Energy wasted in the aged care blame game suggests obvious lessons.

Containing elderly people in large privately run homes has little to do with human rights; and the federal government’s home care packages are expensive and difficult to obtain. If aged care provider agencies can charge hefty fees, cut, or underpay staff to meet business objectives, caring becomes secondary.

Economies generated on a local basis, as has happened with volunteer initiatives to feed isolated vulnerable people, have shown ways to care and to craft potential new forms of employment.

Pictures of a deserted Melbourne CBD raise questions, not just about re-opening shops but about redefining what is meant by work, a task that must address long-term policy goals and not just responses to a crisis. Merely talking about the value of working from home does not re-define work.

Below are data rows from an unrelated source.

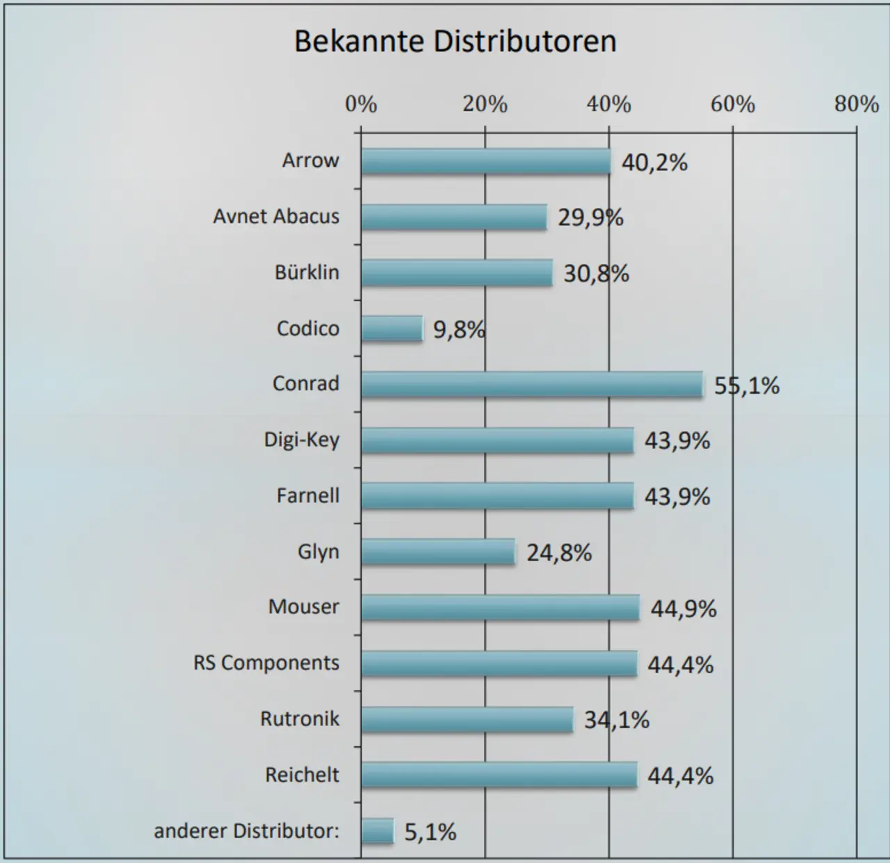 Im Zuge einer Embedded-Systementwicklung stellt sich über kurz oder lang die Frage: Kaufe ich meine fertigen Module direkt beim Hersteller oder beim Distributor? Genauso viele Entwickler vertrauen dem Hersteller wie dem Distributor, etwa ein Fünftel kauft außerdem bei beiden ein. Bekanntester Distributor im Bereich CoMs und SBCs ist Conrad (Bild 4). Auf den weiteren Plätzen folgen Digi-Key, Farnell, Mouser, RS Components und Reichelt. Überzeugen kann ein Distributor den Entwickler vor allem mit seinem Produktsortiment, den Preisen und seinem Lieferservice. Die Liste der Bekanntheit spiegelt sich ebenfalls bei der Frage nach den tatsächlich ausgewählten Distributoren wider.
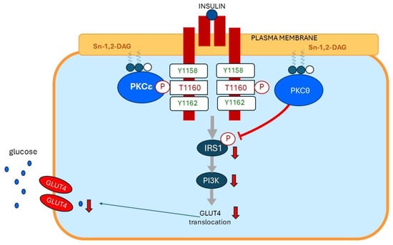 - Szendroedi, J.; Yoshimura, T.; Phielix, E.; Koliaki, C.; Marcucci, M.; Zhang, D.; Jelenik, T.; Muller, J.; Herder, C.; Nowotny, P.; et al. Role of diacylglycerol activation of PKCtheta in lipid-induced muscle insulin resistance in humans. Proc. Natl. Acad. Sci. USA 2014, 111, 9597–9602. [Google Scholar] [CrossRef]
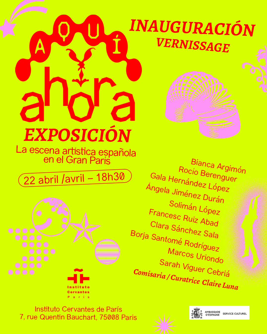 Como primera acción dentro de este proyecto, el Cervantes presenta la exposición Aquí y ahora, una muestra colectiva que reúne a diez artistas españoles emergentes que forman parte de la dinámica cultural parisina actual: Bianca Argimón, Rocío Belenguer, Galán Hernández López, Ángela Jiménez Durán, Solimán López, Francisco Ruiz Abad, Clara Uriondo y Sarah Viguer Ceribá .
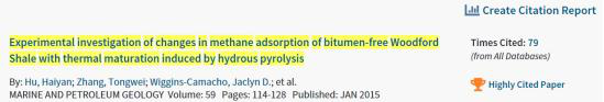 根据ESI最近更新的数据显示,太阳成tyc33455ccwww胡海燕教授2015年发表在国际期刊Marine and Petroleum Geology的论文“Experimental investigation of changes in methane adsorption of bitumen-free Woodford Shale with thermal maturation induced by hydrous pyrolysis”成为高被引ESI论文,这是以太阳成tyc33455ccwww为第一单位、太阳成tyc33455ccwww教师为第一作者的首篇ESI论文。截至目前,被引用79次。该文主要揭示了随着有机质成熟度增加,富有机质页岩中纳米孔的演化规律和页岩吸附机理。页岩气是近十几年来发生在油气工业界的一场伟大变革,改变了世界的油气格局。页岩在我国南方广泛分布,具备良好的页岩气前景。中国石化在焦石坝、中国石油在长宁-威远地区已实现工业化开采,每年产页岩气近百亿立方米。湖北宜昌和恩施地区大规模页岩气勘探正在展开。
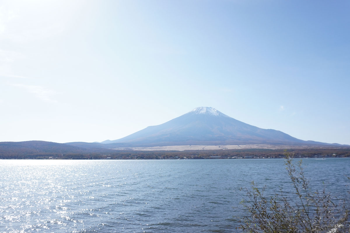 今日も昨日までの続きで山中湖からです。車で移動して、湖の北側から見た富士山です。
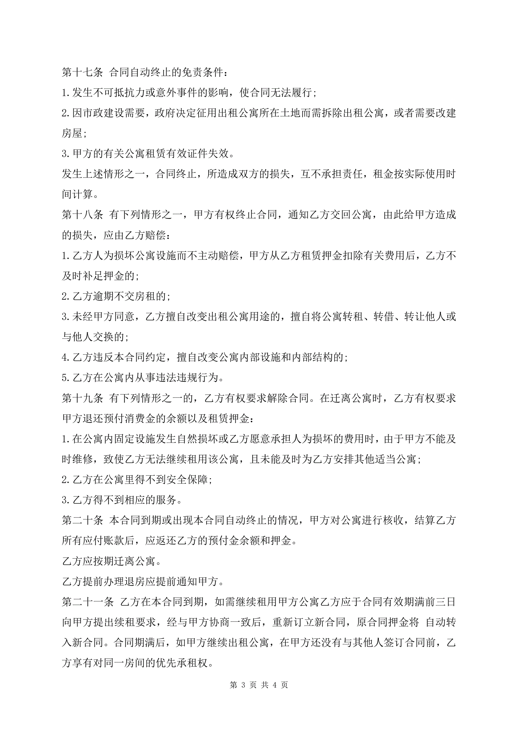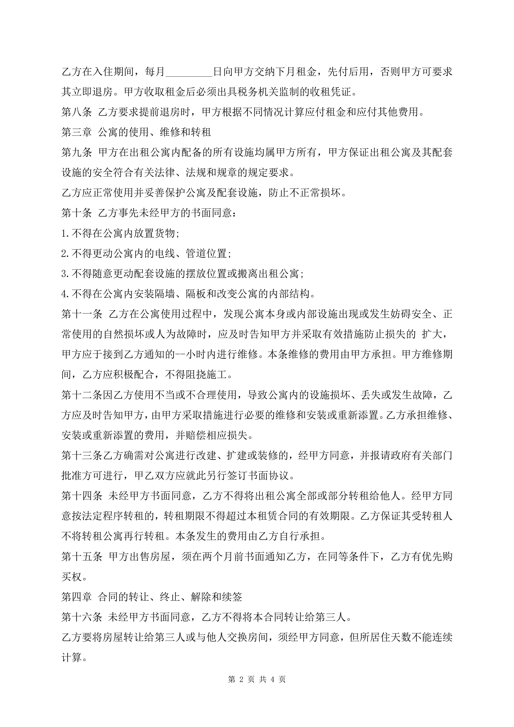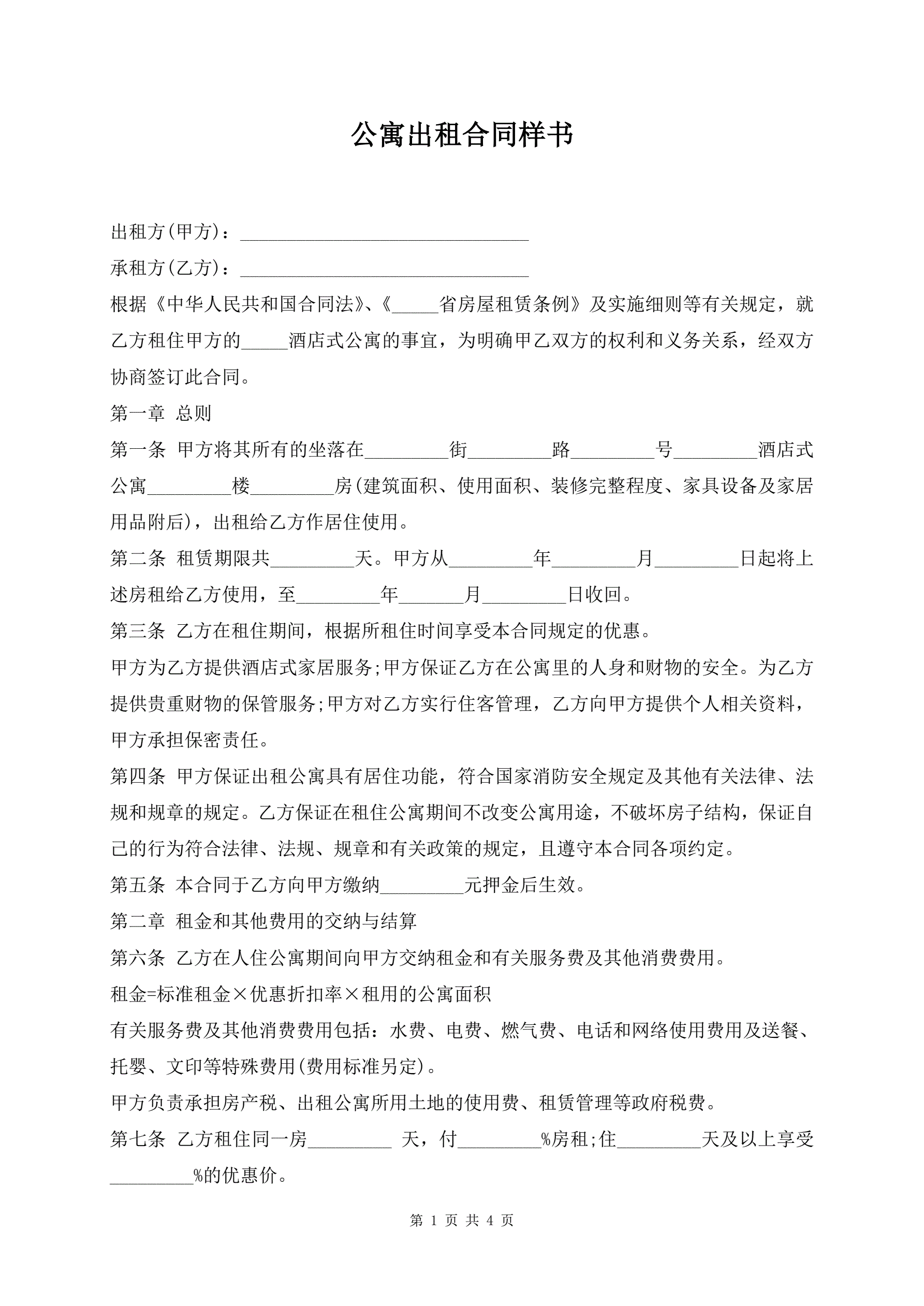 公寓出租合同样书
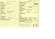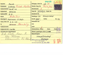 gepröh TEE Zuname Pauch Kriegsgr. Liste Nr. Zr 4 Vornamen |], vdwig Fr vull; N6 Le z| Sterbe-Reg. Nr. ES J02 Geburtsdatum 4,.B, 4 q en Standesamt Geburtson Ylroma Sarg Nr. 189 \ 043 Feuer Nr. Natlonalität Di. Grabbrief Nr. Beruf Ir d dı 7 PL Grablage: 30 Ehrenfrredhof Dienstgrad Yauknosen - 0,5 efr._ Bezirk 'Y777/ Reihe Nr. 99 Gest./Gel.am 3.3.43 Exhumiert am In Hambn! von Todesursache nach beigesetzt als arohe Grabzeichen: kfeuz Stele Pratrd Ä ij Anschrift der Angehörigen , Öffentl. gepflegtes Grab ja/meies “ | ein ÄHeur._P: Bemerkungen: Hbe Ak 7/77 FA Haupl-frreclhof Löhmanustr. Fb Hdand ir / Hd. jährlich vom Bund anerkannt... 2. APR...1959
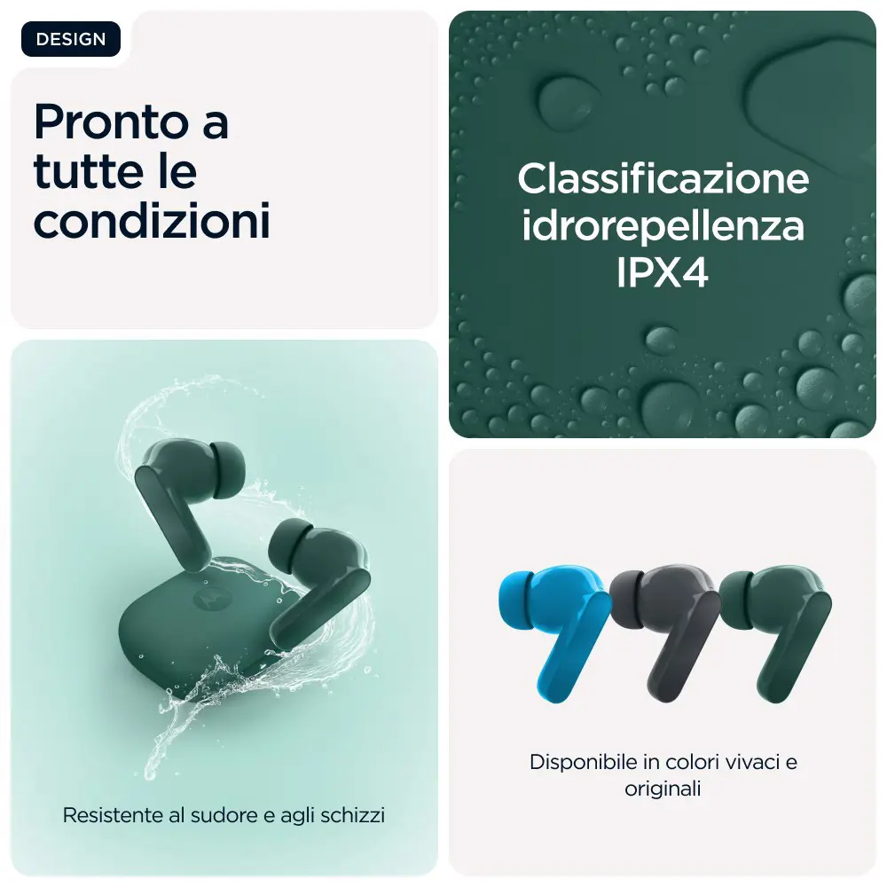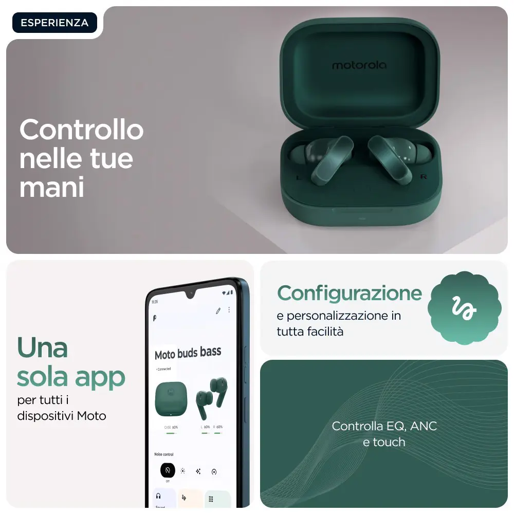 Che si tratti del drop nel tuo brano preferito o del ritmo che ti tiene in movimento, il basso è qualcosa che dovresti sentire. Motorola presenta i moto buds bass, con un ampio driver dinamico appositamente ottimizzato per bassi profondi e potenti e audio ad alta risoluzione.(1) Immergiti nella musica e nei film con un audio profondo e di impatto e bassi ricchi che animano ogni beat. Escludi il mondo attorno a te o mantieni la percezione dell'ambiente che ti circonda durante l'ascolto con l'eliminazione attiva e dinamica del rumore. Goditi chiamate vocali cristalline grazie al sistema con tre microfoni su ogni auricolare. Personalizza e controlla facilmente la tua esperienza di ascolto con l'app Moto Buds.(8) Oltre a tutto ciò, infinite ore di autonomia, ricarica rapida e design idrorepellente.(2) Senti il ritmo prendere vita con i moto buds bass.
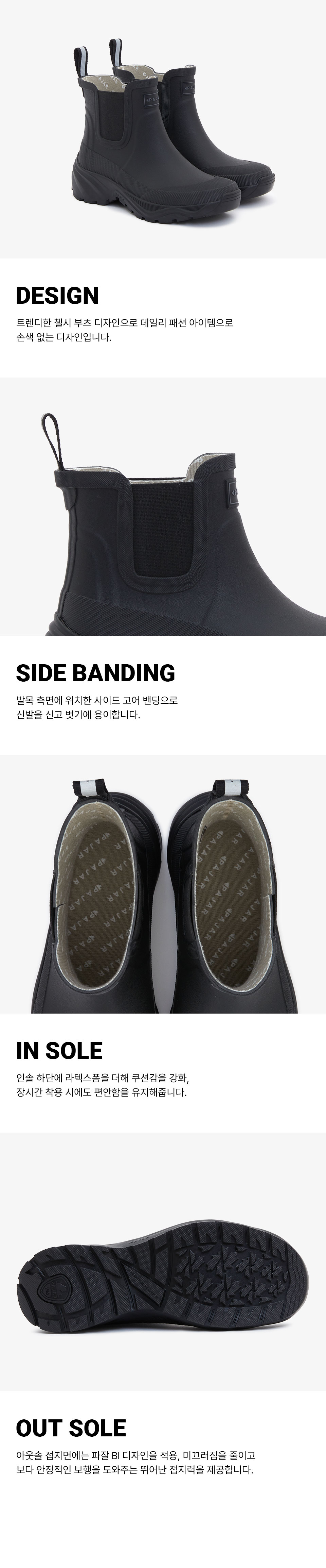 파잘 메이플 트레드 첼시 엣지 레인 부츠 블랙
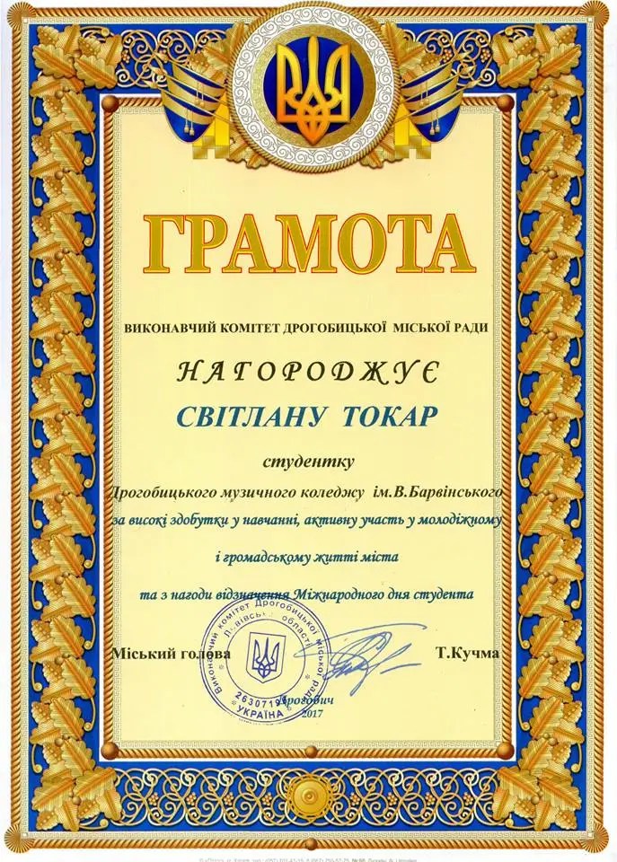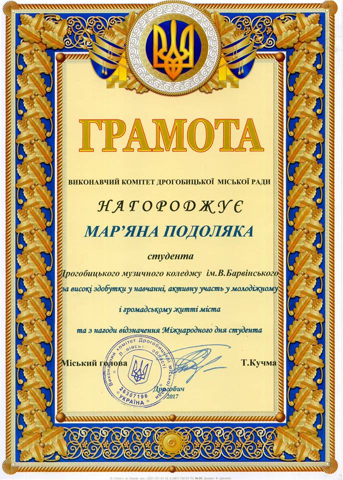 За активну громадську позицію, волонтерську діяльність та високі здобутки у навчанні двоє студентів ДМК ім. В. Барвінського відзначені поважною нагородою – Грамотою міського голови м. Дрогобича.
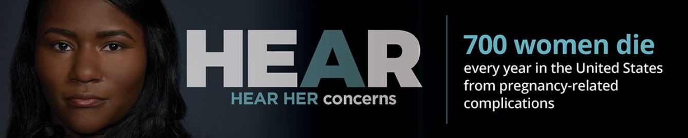 CDC's Hear Her Campaign seeks to raise awareness of potentially life-threatening warning signs during and after pregnancy and improve communication between patients and their healthcare providers. It helps increase awareness of serious pregnancy-related complications and their warning signs, empowers women to speak up and raise concerns, encourages women’s support systems to engage in important conversations with her and provides tools for women and providers to better engage in life-saving conversations.
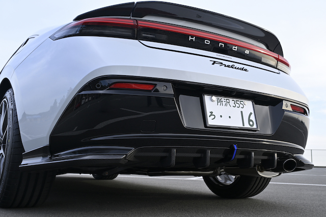 新型プレリュードに向けて無限では様々なアフターパーツを設定しているが、この「スペック3」はカーボン素材を使用したエアロパーツとマフラーで構成されるボディキット。
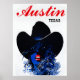 Poster de viagens de estilo Vintage para Austin, Texas. 24 x 32
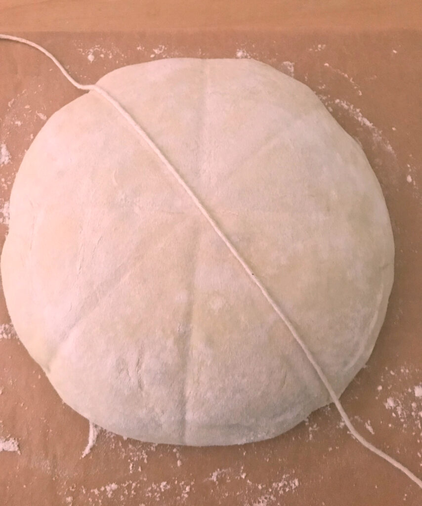 - Lightly dust the surface of the dough with flour. Using a piece of string or twine, mark the surface into 8 equally spaced spokes, similar to a wheel.
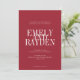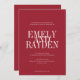 The wedding invitation features a minimalist design with an Ruby red background and a clean, symmetrical layout. It uses elegant serif fonts, with the couple's names prominently displayed in large, overlapping text for a bold and modern touch. The remaining details are arranged in a smaller, clear font, maintaining simplicity and sophistication, blending contemporary and traditional aesthetics.
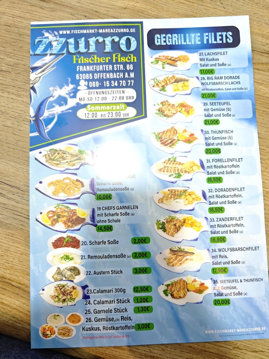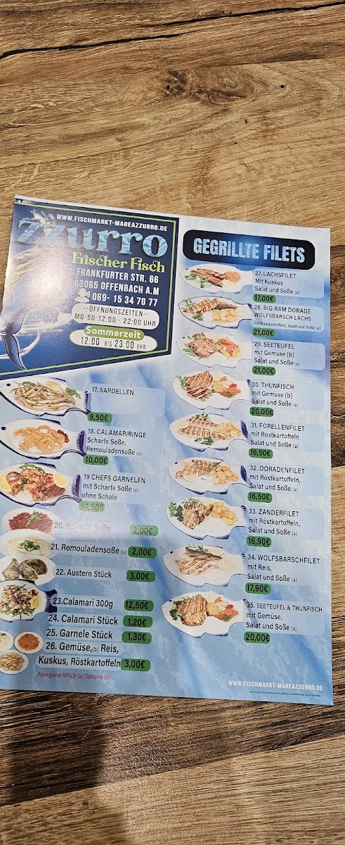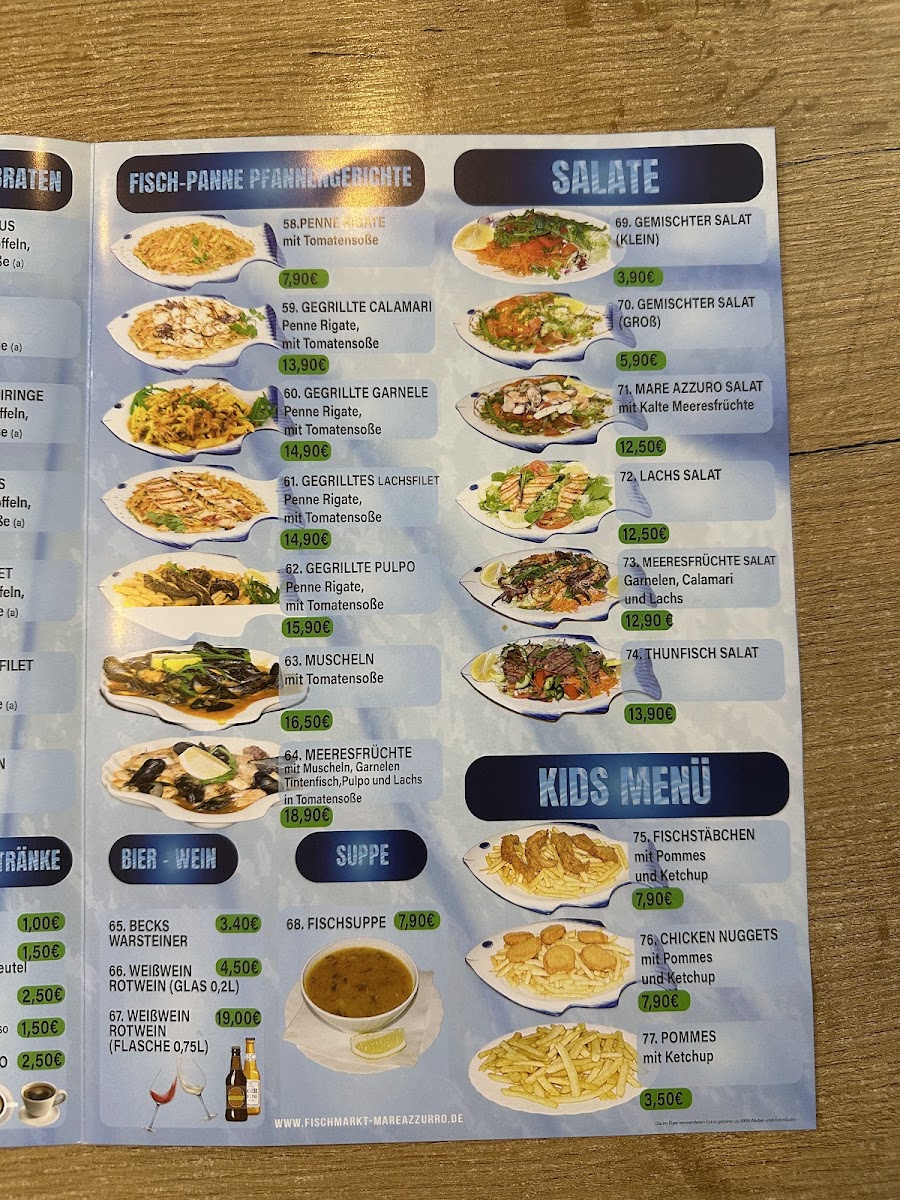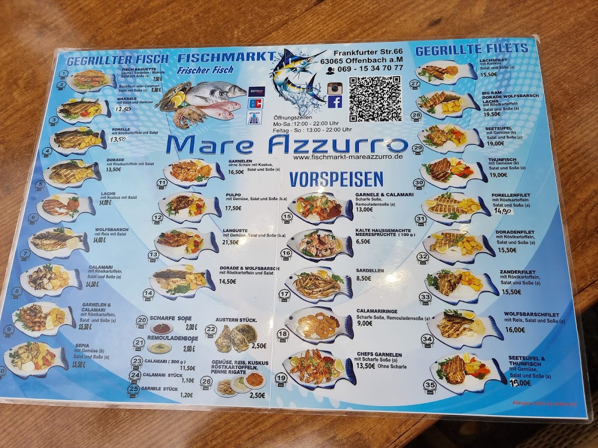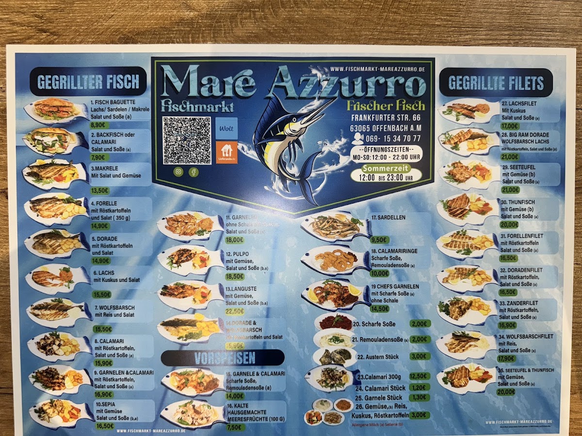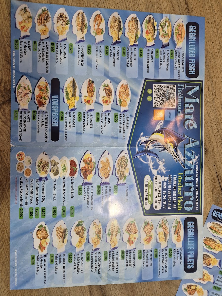 If you're looking to enjoy some of the freshest seafood in Offenbach am Main, the Fischmarkt Mare Azzurro - Offenbach Am Main Menu is the place to be. Located at Frankfurter Str. 66, this cozy spot is all about bringing the ocean's best flavors straight to your table. The menu offers a variety of mouthwatering dishes, from perfectly grilled fish to flavorful seafood pastas that are hard to resist. Whether you're in the mood for something light or a hearty meal, there's always something satisfying on offer.

The French philosopher Andre Gorz wrote, ‘Let us work less so that we may all work and do more things by ourselves in our free time.’ In A World Without Work, David Susskind argues that a social and economic transition should not only be to jobs in renewable energy but to a more equal, less competitive, less destructive society. That challenge has to consider the benefits of a universal basic income.

Victoria’s encouragement of exercise as the way to relieve the boredom of confinement is another bonus. If those ‘Exercise Matters’ initiatives were promoted as experiments in health care, that would be more encouraging than if they are simply labelled as a lessening of restrictions.

Lockdowns have highlighted how poor housing contributes to virus infection, hence Victoria showing the need to assess the effects of housing on mental and physical health.

The slogans ‘Our Home’ scrawled on high-rise public housing blocks underline the importance of secure space to breathe, sleep, cook, converse and plan for tomorrow. Tackling Victoria’s housing difficulties could inspire policies for affordable housing and imaginative use of space for future generations.

Scapegoating Victoria suggests indifference to global issues. A touch of internationalism could replace the hand-wringing pity that has been compounded by partisan attacks on Premier Andrews. Commentary could sound less selfish and more liberating. Consider the Congo.

In that country, an unending civil war coupled with an ongoing Ebola virus accompanies widespread HIV/AIDS infections. That disease co-exists with insect-borne diseases, yellow fever and malaria. Covid-19 spreads with surging violence from rebel forces, and into this mix more than half a million refugees try to survive. It is not safe to walk in the capital Kinshasa, even during the day.

The people of Yemen have endured six years of civil war. More than 10 million children have no access to health care and four million citizens are displaced. In a country of 30 million people, the UN concludes that more than one quarter are malnourished. Editors of the journal Science say that before the 2020 scourge of Covid 19, more than one million people had been infected by cholera and 4000 had died.

A Congolese, Yemeni perspective on Victoria would vaccinate against Australia’s either/or doomsday fatalism. By dealing thoughtfully and creatively with loss, healing and creative change begins.

Be international. Avoid the fatalism. Ask Josh to smile. Invite Annastacia to cease appearing as a Romanov princess in her version of War & Peace and suggest to Mark of WA that he might stop reading from All Quiet on the Western Front.

Acceptance of those invitations would help to remove the mind shut fences, which limit thinking about the lessons to be learned from Victoria.